● DATA RECORDS

Content starts

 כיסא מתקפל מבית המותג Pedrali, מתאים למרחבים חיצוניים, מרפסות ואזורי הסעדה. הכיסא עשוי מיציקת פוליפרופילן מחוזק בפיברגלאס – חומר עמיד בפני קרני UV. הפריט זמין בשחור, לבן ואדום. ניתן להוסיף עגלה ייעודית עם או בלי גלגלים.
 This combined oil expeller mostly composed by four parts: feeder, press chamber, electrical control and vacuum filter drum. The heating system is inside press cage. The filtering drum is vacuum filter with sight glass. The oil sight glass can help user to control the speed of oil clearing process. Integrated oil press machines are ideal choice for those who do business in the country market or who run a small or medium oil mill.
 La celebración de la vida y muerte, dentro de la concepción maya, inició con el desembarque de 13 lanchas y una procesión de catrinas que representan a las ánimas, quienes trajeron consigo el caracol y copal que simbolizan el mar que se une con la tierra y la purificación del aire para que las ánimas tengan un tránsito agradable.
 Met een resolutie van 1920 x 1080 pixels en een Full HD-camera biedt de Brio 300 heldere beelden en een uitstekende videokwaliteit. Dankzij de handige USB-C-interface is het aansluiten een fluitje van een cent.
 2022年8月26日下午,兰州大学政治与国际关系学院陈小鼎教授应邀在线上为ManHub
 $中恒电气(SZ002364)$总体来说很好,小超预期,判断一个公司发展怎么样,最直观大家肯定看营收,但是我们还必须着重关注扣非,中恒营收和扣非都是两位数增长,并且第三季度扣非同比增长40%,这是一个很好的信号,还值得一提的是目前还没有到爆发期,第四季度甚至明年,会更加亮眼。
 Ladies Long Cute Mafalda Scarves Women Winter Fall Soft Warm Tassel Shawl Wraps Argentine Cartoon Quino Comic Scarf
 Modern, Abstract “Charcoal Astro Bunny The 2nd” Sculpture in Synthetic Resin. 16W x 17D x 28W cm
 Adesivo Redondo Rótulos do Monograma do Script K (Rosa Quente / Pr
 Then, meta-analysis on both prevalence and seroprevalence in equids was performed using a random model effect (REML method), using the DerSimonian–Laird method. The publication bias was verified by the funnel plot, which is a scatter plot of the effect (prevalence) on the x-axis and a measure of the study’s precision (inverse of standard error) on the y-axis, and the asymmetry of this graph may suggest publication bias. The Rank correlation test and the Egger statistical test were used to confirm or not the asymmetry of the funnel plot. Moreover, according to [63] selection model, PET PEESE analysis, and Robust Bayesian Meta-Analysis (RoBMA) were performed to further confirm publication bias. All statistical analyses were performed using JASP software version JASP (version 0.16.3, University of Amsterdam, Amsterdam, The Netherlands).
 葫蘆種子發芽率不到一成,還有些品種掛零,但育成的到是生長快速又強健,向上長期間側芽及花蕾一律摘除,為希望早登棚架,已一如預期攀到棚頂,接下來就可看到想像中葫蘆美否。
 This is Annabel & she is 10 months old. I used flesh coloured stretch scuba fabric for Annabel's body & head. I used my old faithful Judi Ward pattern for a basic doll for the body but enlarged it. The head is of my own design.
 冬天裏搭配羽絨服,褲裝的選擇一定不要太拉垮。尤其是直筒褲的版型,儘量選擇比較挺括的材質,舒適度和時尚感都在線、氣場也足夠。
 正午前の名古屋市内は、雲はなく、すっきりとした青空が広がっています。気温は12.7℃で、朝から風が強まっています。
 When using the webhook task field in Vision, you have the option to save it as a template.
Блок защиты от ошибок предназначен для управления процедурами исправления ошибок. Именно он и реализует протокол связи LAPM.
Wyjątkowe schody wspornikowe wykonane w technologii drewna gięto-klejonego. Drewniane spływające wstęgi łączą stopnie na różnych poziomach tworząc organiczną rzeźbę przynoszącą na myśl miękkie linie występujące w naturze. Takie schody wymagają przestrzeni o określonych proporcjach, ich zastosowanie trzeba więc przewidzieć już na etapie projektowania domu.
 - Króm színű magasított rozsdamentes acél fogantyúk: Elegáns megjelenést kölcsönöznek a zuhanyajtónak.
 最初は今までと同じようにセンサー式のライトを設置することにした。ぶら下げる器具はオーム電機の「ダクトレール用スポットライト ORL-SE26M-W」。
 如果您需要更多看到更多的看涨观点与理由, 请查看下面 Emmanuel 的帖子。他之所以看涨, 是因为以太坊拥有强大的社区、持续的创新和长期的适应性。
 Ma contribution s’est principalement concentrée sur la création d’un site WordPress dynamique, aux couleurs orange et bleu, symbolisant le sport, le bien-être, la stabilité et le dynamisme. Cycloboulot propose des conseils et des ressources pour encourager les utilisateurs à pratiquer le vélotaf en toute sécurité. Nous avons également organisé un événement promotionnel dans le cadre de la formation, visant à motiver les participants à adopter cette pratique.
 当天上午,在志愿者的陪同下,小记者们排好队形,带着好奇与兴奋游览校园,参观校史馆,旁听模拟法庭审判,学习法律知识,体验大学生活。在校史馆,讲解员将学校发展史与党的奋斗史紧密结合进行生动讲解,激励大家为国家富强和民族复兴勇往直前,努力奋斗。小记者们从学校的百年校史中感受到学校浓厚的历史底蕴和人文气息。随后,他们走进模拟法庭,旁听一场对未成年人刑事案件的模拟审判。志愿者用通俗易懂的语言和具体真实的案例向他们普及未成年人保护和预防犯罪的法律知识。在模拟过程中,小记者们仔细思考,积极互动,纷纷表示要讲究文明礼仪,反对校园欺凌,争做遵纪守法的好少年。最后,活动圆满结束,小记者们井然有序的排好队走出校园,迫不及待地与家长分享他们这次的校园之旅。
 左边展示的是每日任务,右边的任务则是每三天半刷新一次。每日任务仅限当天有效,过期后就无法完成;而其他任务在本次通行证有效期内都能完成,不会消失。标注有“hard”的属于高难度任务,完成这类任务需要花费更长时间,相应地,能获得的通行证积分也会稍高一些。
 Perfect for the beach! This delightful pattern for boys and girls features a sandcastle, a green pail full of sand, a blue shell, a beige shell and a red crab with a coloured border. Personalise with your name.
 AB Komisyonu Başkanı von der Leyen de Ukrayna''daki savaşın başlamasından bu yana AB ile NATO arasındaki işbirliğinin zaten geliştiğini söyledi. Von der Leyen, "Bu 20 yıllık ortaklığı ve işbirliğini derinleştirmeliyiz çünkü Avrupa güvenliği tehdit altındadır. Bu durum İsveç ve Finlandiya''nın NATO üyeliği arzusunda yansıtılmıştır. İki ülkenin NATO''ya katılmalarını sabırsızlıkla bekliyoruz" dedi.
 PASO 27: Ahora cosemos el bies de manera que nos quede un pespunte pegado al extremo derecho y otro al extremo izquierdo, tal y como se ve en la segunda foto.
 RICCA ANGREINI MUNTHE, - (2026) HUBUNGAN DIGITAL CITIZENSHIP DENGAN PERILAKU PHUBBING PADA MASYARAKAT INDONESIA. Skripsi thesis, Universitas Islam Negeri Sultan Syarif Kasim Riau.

Content ends

● TASK
Repeat the material exactly, please, so that each line matches its source.

● WRITTEN RESPONSE
 כיסא מתקפל מבית המותג Pedrali, מתאים למרחבים חיצוניים, מרפסות ואזורי הסעדה. הכיסא עשוי מיציקת פוליפרופילן מחוזק בפיברגלאס – חומר עמיד בפני קרני UV. הפריט זמין בשחור, לבן ואדום. ניתן להוסיף עגלה ייעודית עם או בלי גלגלים.
 This combined oil expeller mostly composed by four parts: feeder, press chamber, electrical control and vacuum filter drum. The heating system is inside press cage. The filtering drum is vacuum filter with sight glass. The oil sight glass can help user to control the speed of oil clearing process. Integrated oil press machines are ideal choice for those who do business in the country market or who run a small or medium oil mill.
 La celebración de la vida y muerte, dentro de la concepción maya, inició con el desembarque de 13 lanchas y una procesión de catrinas que representan a las ánimas, quienes trajeron consigo el caracol y copal que simbolizan el mar que se une con la tierra y la purificación del aire para que las ánimas tengan un tránsito agradable.
 Met een resolutie van 1920 x 1080 pixels en een Full HD-camera biedt de Brio 300 heldere beelden en een uitstekende videokwaliteit. Dankzij de handige USB-C-interface is het aansluiten een fluitje van een cent.
 2022年8月26日下午,兰州大学政治与国际关系学院陈小鼎教授应邀在线上为ManHub
 $中恒电气(SZ002364)$总体来说很好,小超预期,判断一个公司发展怎么样,最直观大家肯定看营收,但是我们还必须着重关注扣非,中恒营收和扣非都是两位数增长,并且第三季度扣非同比增长40%,这是一个很好的信号,还值得一提的是目前还没有到爆发期,第四季度甚至明年,会更加亮眼。
 Ladies Long Cute Mafalda Scarves Women Winter Fall Soft Warm Tassel Shawl Wraps Argentine Cartoon Quino Comic Scarf
 Modern, Abstract “Charcoal Astro Bunny The 2nd” Sculpture in Synthetic Resin. 16W x 17D x 28W cm
 Adesivo Redondo Rótulos do Monograma do Script K (Rosa Quente / Pr
 Then, meta-analysis on both prevalence and seroprevalence in equids was performed using a random model effect (REML method), using the DerSimonian–Laird method. The publication bias was verified by the funnel plot, which is a scatter plot of the effect (prevalence) on the x-axis and a measure of the study’s precision (inverse of standard error) on the y-axis, and the asymmetry of this graph may suggest publication bias. The Rank correlation test and the Egger statistical test were used to confirm or not the asymmetry of the funnel plot. Moreover, according to [63] selection model, PET PEESE analysis, and Robust Bayesian Meta-Analysis (RoBMA) were performed to further confirm publication bias. All statistical analyses were performed using JASP software version JASP (version 0.16.3, University of Amsterdam, Amsterdam, The Netherlands).
 葫蘆種子發芽率不到一成,還有些品種掛零,但育成的到是生長快速又強健,向上長期間側芽及花蕾一律摘除,為希望早登棚架,已一如預期攀到棚頂,接下來就可看到想像中葫蘆美否。
 This is Annabel & she is 10 months old. I used flesh coloured stretch scuba fabric for Annabel's body & head. I used my old faithful Judi Ward pattern for a basic doll for the body but enlarged it. The head is of my own design.
 冬天裏搭配羽絨服,褲裝的選擇一定不要太拉垮。尤其是直筒褲的版型,儘量選擇比較挺括的材質,舒適度和時尚感都在線、氣場也足夠。
 正午前の名古屋市内は、雲はなく、すっきりとした青空が広がっています。気温は12.7℃で、朝から風が強まっています。
 When using the webhook task field in Vision, you have the option to save it as a template.
Блок защиты от ошибок предназначен для управления процедурами исправления ошибок. Именно он и реализует протокол связи LAPM.
Wyjątkowe schody wspornikowe wykonane w technologii drewna gięto-klejonego. Drewniane spływające wstęgi łączą stopnie na różnych poziomach tworząc organiczną rzeźbę przynoszącą na myśl miękkie linie występujące w naturze. Takie schody wymagają przestrzeni o określonych proporcjach, ich zastosowanie trzeba więc przewidzieć już na etapie projektowania domu.
 - Króm színű magasított rozsdamentes acél fogantyúk: Elegáns megjelenést kölcsönöznek a zuhanyajtónak.
 最初は今までと同じようにセンサー式のライトを設置することにした。ぶら下げる器具はオーム電機の「ダクトレール用スポットライト ORL-SE26M-W」。
 如果您需要更多看到更多的看涨观点与理由, 请查看下面 Emmanuel 的帖子。他之所以看涨, 是因为以太坊拥有强大的社区、持续的创新和长期的适应性。
 Ma contribution s’est principalement concentrée sur la création d’un site WordPress dynamique, aux couleurs orange et bleu, symbolisant le sport, le bien-être, la stabilité et le dynamisme. Cycloboulot propose des conseils et des ressources pour encourager les utilisateurs à pratiquer le vélotaf en toute sécurité. Nous avons également organisé un événement promotionnel dans le cadre de la formation, visant à motiver les participants à adopter cette pratique.
 当天上午,在志愿者的陪同下,小记者们排好队形,带着好奇与兴奋游览校园,参观校史馆,旁听模拟法庭审判,学习法律知识,体验大学生活。在校史馆,讲解员将学校发展史与党的奋斗史紧密结合进行生动讲解,激励大家为国家富强和民族复兴勇往直前,努力奋斗。小记者们从学校的百年校史中感受到学校浓厚的历史底蕴和人文气息。随后,他们走进模拟法庭,旁听一场对未成年人刑事案件的模拟审判。志愿者用通俗易懂的语言和具体真实的案例向他们普及未成年人保护和预防犯罪的法律知识。在模拟过程中,小记者们仔细思考,积极互动,纷纷表示要讲究文明礼仪,反对校园欺凌,争做遵纪守法的好少年。最后,活动圆满结束,小记者们井然有序的排好队走出校园,迫不及待地与家长分享他们这次的校园之旅。
 左边展示的是每日任务,右边的任务则是每三天半刷新一次。每日任务仅限当天有效,过期后就无法完成;而其他任务在本次通行证有效期内都能完成,不会消失。标注有“hard”的属于高难度任务,完成这类任务需要花费更长时间,相应地,能获得的通行证积分也会稍高一些。
 Perfect for the beach! This delightful pattern for boys and girls features a sandcastle, a green pail full of sand, a blue shell, a beige shell and a red crab with a coloured border. Personalise with your name.
 AB Komisyonu Başkanı von der Leyen de Ukrayna''daki savaşın başlamasından bu yana AB ile NATO arasındaki işbirliğinin zaten geliştiğini söyledi. Von der Leyen, "Bu 20 yıllık ortaklığı ve işbirliğini derinleştirmeliyiz çünkü Avrupa güvenliği tehdit altındadır. Bu durum İsveç ve Finlandiya''nın NATO üyeliği arzusunda yansıtılmıştır. İki ülkenin NATO''ya katılmalarını sabırsızlıkla bekliyoruz" dedi.
 PASO 27: Ahora cosemos el bies de manera que nos quede un pespunte pegado al extremo derecho y otro al extremo izquierdo, tal y como se ve en la segunda foto.
 RICCA ANGREINI MUNTHE, - (2026) HUBUNGAN DIGITAL CITIZENSHIP DENGAN PERILAKU PHUBBING PADA MASYARAKAT INDONESIA. Skripsi thesis, Universitas Islam Negeri Sultan Syarif Kasim Riau.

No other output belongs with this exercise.